Editorials

Stop the madness

One-man rule in the country’s pandemic response is proving to be a patent disaster, and it is past time that the Parliament of The Bahamas recognize and live up to its role in our Westminster democracy, and restore sanity to the governance of our country.

Cries of anguish, ire-laced protests and match-striking at the stem of longstanding social powder kegs within New Providence’s inner-city, filled streets as a consequence of the incredible precipitousness of the competent authority, Prime Minister Dr. Hubert Minnis, who ordered an immediate one-week lockdown, closing food stores, water depots, private pharmacies and gas stations.

That Minnis did not recognize the closure of these essential services without prior notice would result in residents being unable to secure sufficient drinking water, food, medications and other provisions for themselves and their families, is inconceivable.

It is equally unthinkable that the prime minister would believe tens of thousands of Bahamians and residents who have been unemployed since at least March, would have the resources necessary to adequately prepare for such a move.

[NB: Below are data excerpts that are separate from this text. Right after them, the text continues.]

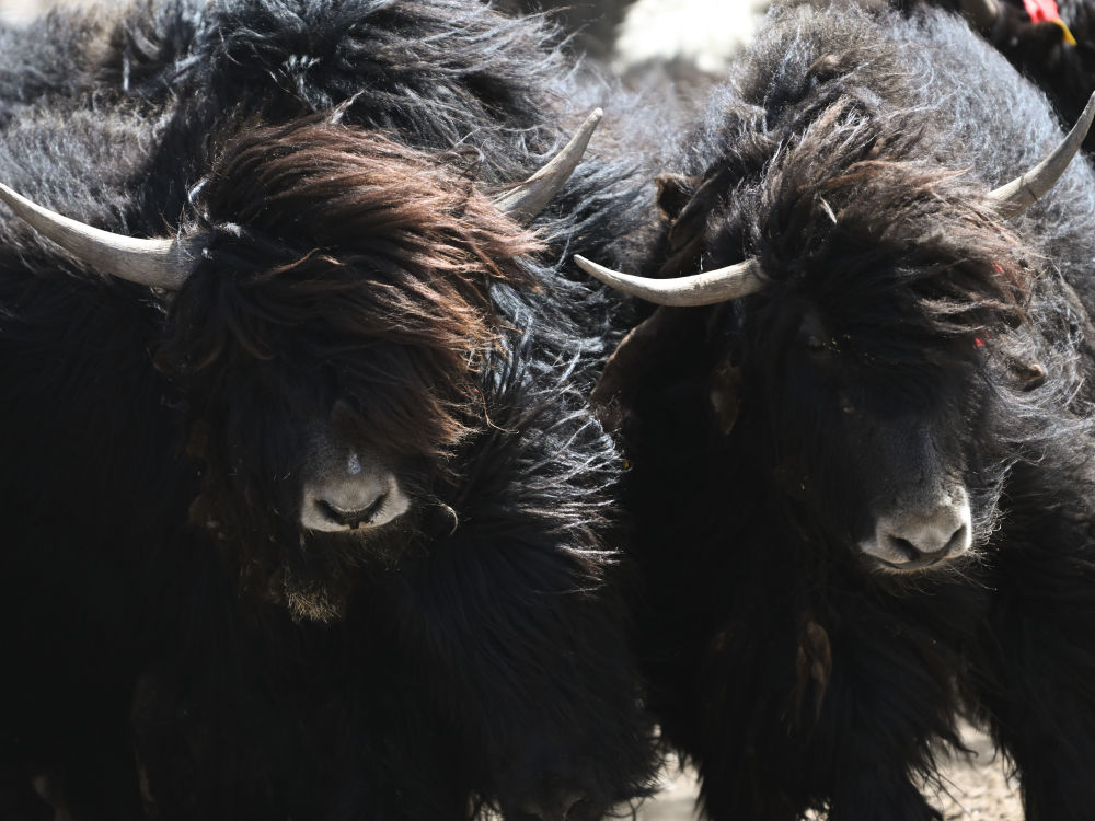 這是4月14日拍攝的剛察縣環(huán)湖型牦牛良種繁育基地內(nèi)的環(huán)湖型長毛牦牛。新華社記者 張龍 攝
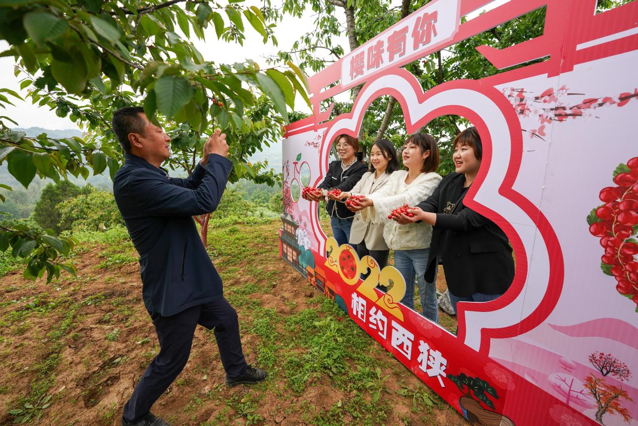 游客在成县西狭村樱桃园体验采摘樱桃、拍照留念。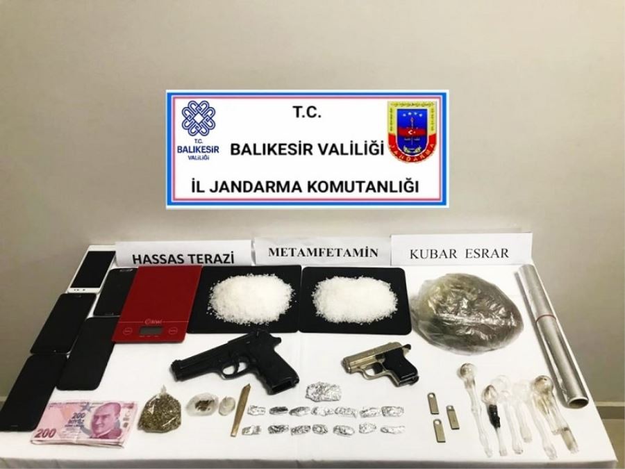 Balıkesir İl Jandarma Komutanlığı ekipleri, Bandırma’da örgütlü uyuşturucu madde ticareti yaptıklarını belirledikleri 8 kişiyi yakaladı. Bu kişilerin evlerinde yapılan aramalarda 1.242 gram metamfetamin, 545 gram kubar esrar, 195 gram bonzai, 250 gram toz esrar, 87 gram kenevir tohumu, 15 adet uyuşturucu kullanma aparatı, 2 adet tabanca, 20 adet sikke, 2 adet hassas terazi, 8 adet cep telefonu, 3 adet harici bellek ve suçtan elde edilen 12.655 lira ele geçirildi. Olayla ilgili 8 kişi yakalanırken, 2 kişi aranıyor.
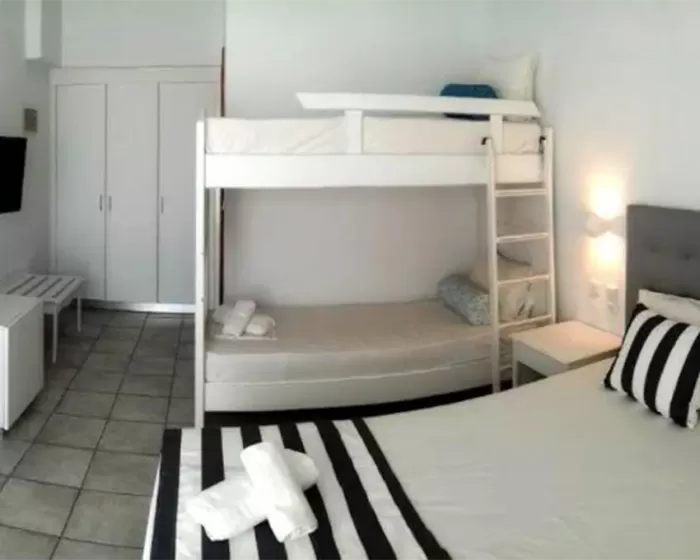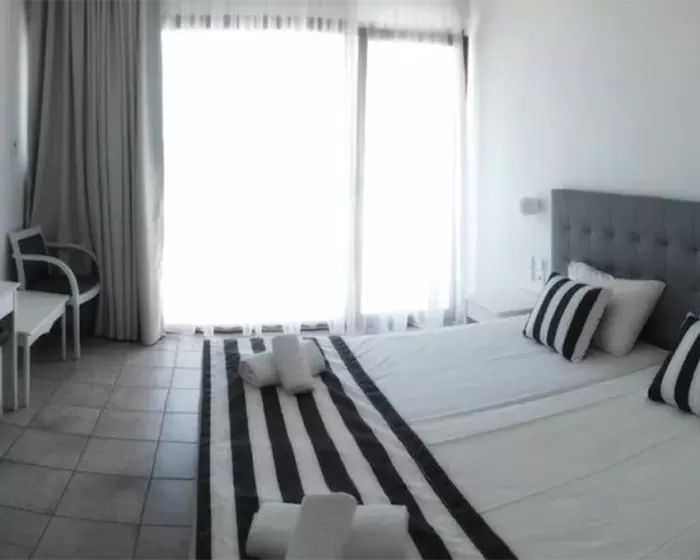 Standard soba pogled bašta:Oko 22 m² , nalaze se u prizemlju.  Predvidjene su za 2-3 osobe, imaju dva singl i jedan pomoćni krevet.Standard soba bočni pogled more:Oko 25 m², nalaze se u prizemlju ili na spratu. Predvidjene su za 2-3 osobe, imaju francuski ili dva odvojena ležaja i pomoćni ležaj. Bočni pogled na more.Standard soba pogled more:Oko 25 m², nalaze se na spratu, sa balkonima sa pogledom na more. Predvidjene su za 2-3 osobe, imaju francuski ili dva ležaja i sofu.Superior soba pogled more:Oko 30 m², smeštene na jednoj od najatraktivnijih pozicija u hotelu, sa pogledom na more. Predvidjene za 2-3 osobe, imaju dva kreveta i sofu.Family soba kreveti na sprat:Oko 25 m², sa balkonom ili verandom sa bočnim pogledom na more. Predvidjene za 2-4 osobe,pogodne za dve odrasle osobe i dvoje dece, imaju francuski ili dva ležaja i krevete na sprat.Junior suite pogled more:Oko 40 m², smešteni na dobrim pozicijama, sa pogledom na more. Predvidjeni za 2 osobe i bebu.Suite duplex pogled bašta:može smestiti maksimalo 4 odrasle osobe i dete, peta osoba spava na krevetu na rasklapanje.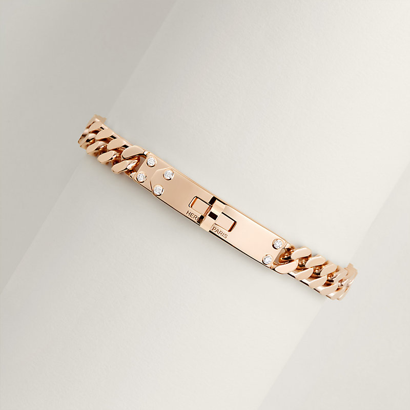 Bracelet in rose gold set with diamonds and Kelly clasp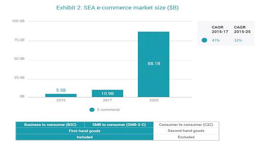 东南亚拥有印尼、菲律宾等快速增长的经济体,而且拥有庞大的互联网用户基础,绝大多数位于移动端。今年,东南亚互联网经济规模将达到500亿美元。到2025年时,这一规模将达到2000亿美元,它在东南亚地区国内生产总值(GDP)中的占比将从2%增加到6%。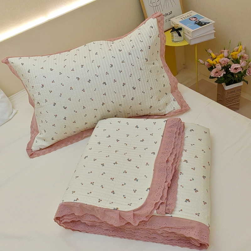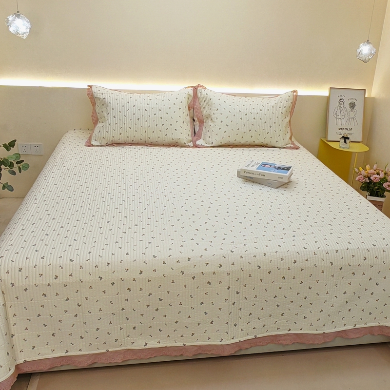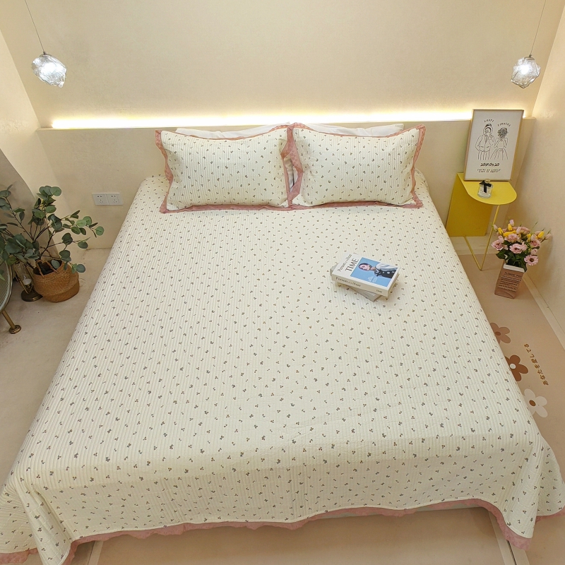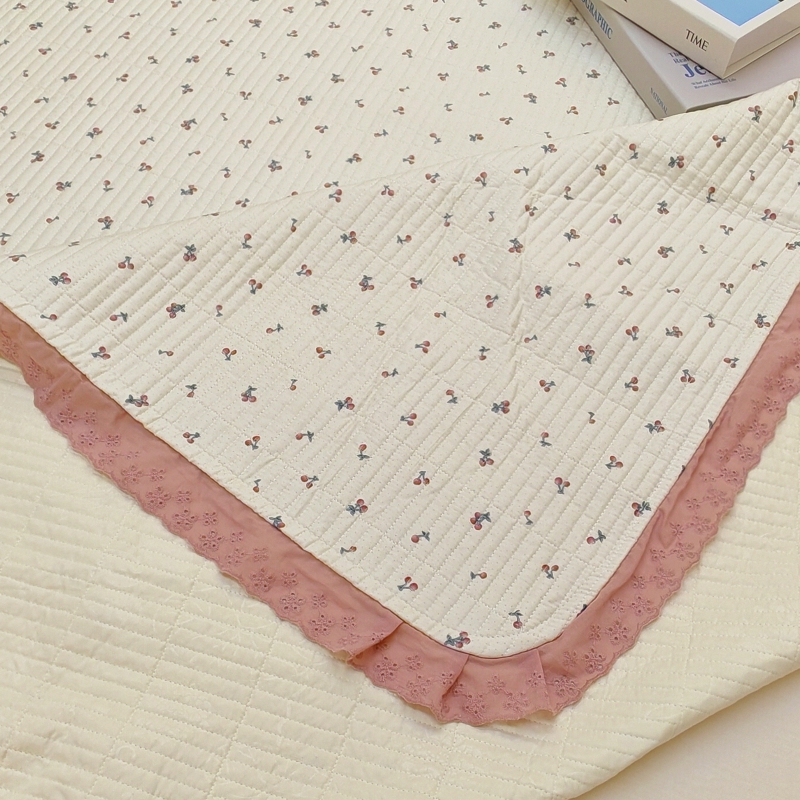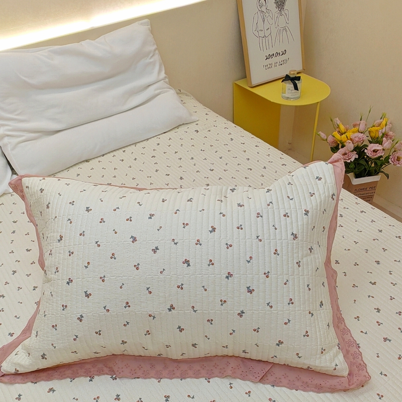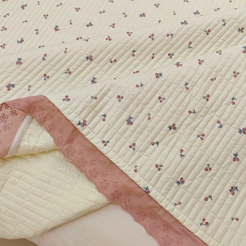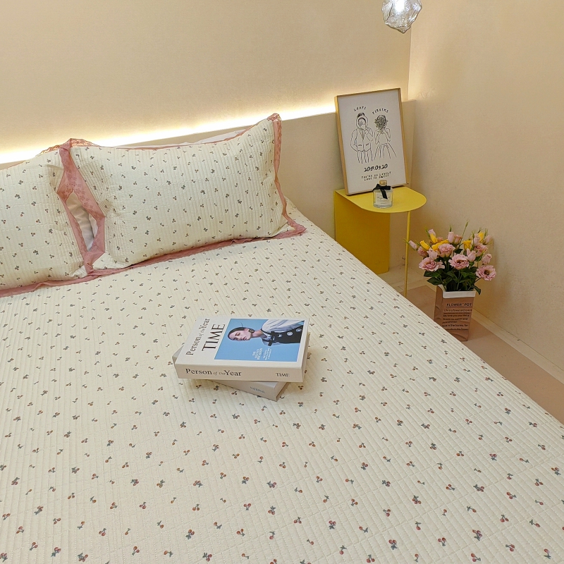 商品名称:有货 2023秋冬新品韩式13372全棉棉花床盖三件套 床盖-快乐樱桃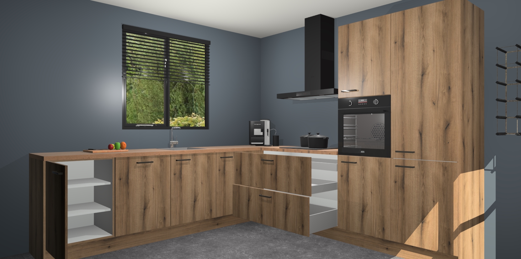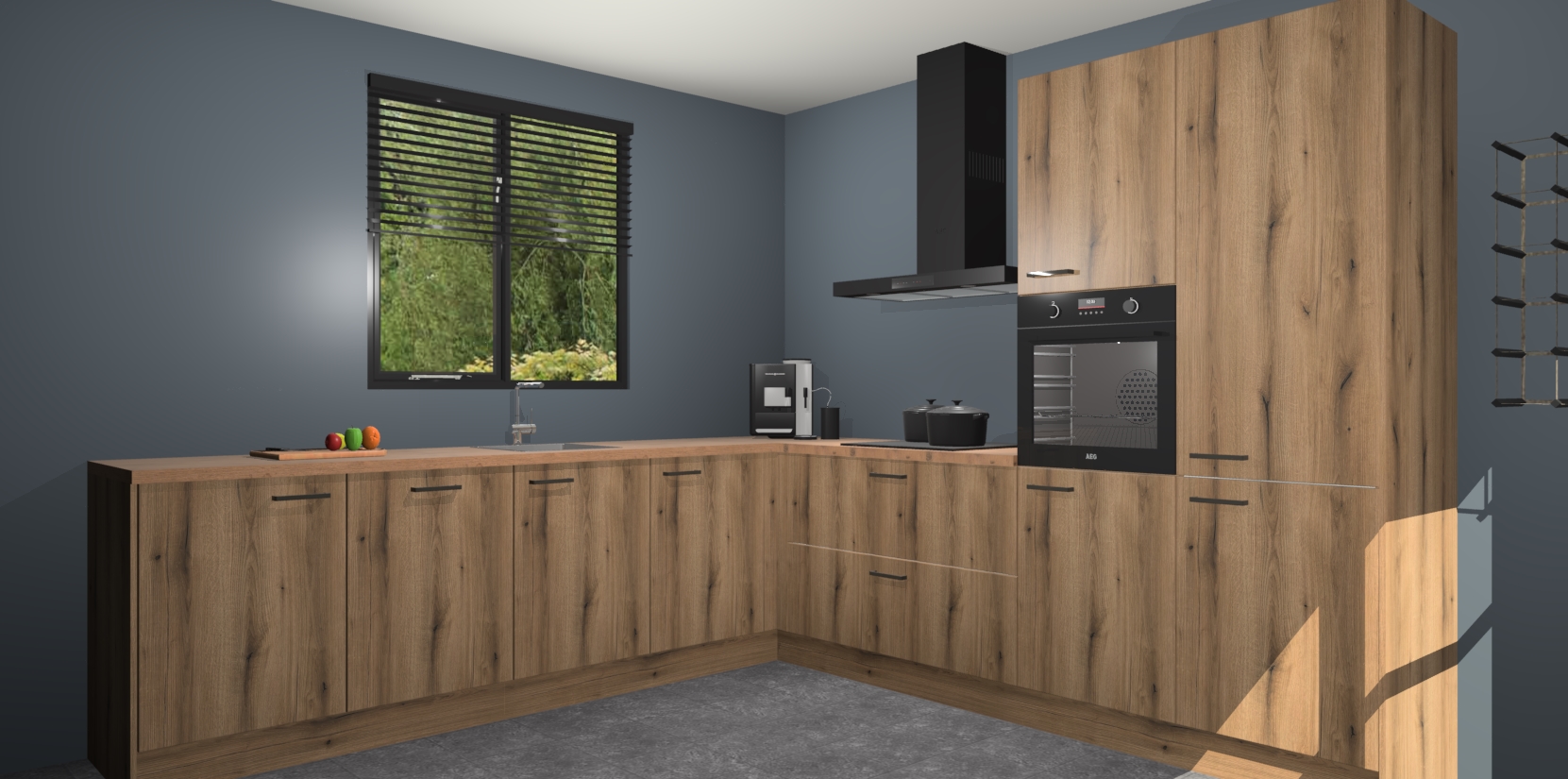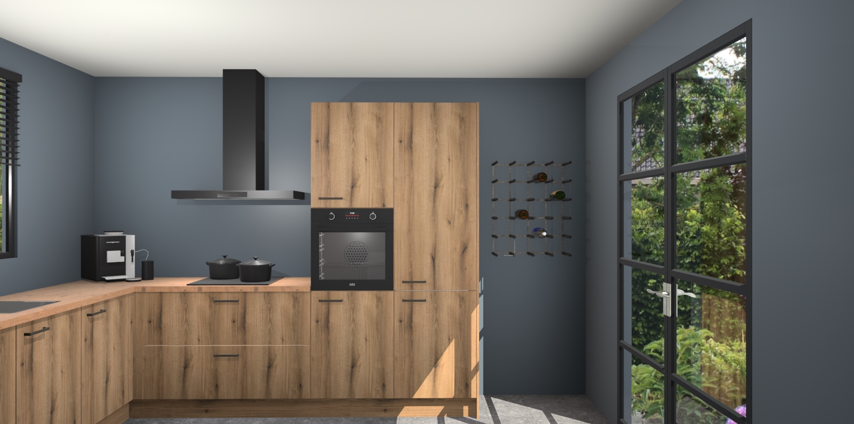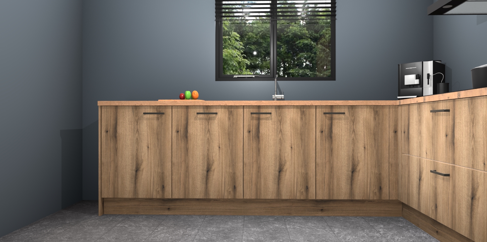 De Goud Eiken keuken Porto heeft 5 ingebouwde apparaten - een oven, inductiekookplaat, afzuigkap, vaatwasser en koelkast - waarmee u in een handomdraai heerlijke gerechten bereidt. Soft-close deuren zorgen voor nog meer functionaliteit en gemak. En dit alles voor een onverslaanbaar vaste prijs. En als u nu bestelt, duurt de levering maar 7 weken! Wat nog ongelooflijker is, is dat onze kasten voor gemonteerd worden geleverd.

Further exacerbating this dilemma, was that his announcement would have prevented pensioners and unemployment beneficiaries of the National Insurance Board (NIB) from being able to collect their disbursements this week.

The abruptness of Minnis’ proclamation was reckless, and had the potential of causing an even greater threat to the health and safety of thousands on New Providence during a lockdown, than would COVID-19.

Conduct unbecoming would be the reasonable verdict for an officer who leads his or her people into a most hazardous stage of battle, with promised bulwarks unfit from the outset.

Minnis advised that those needing to leave their homes during the lockdown were to phone the Royal Bahamas Police Force at 311 for approval, but scores of frustrated residents soon echoed complaints levied since March, of being unable to get their calls answered.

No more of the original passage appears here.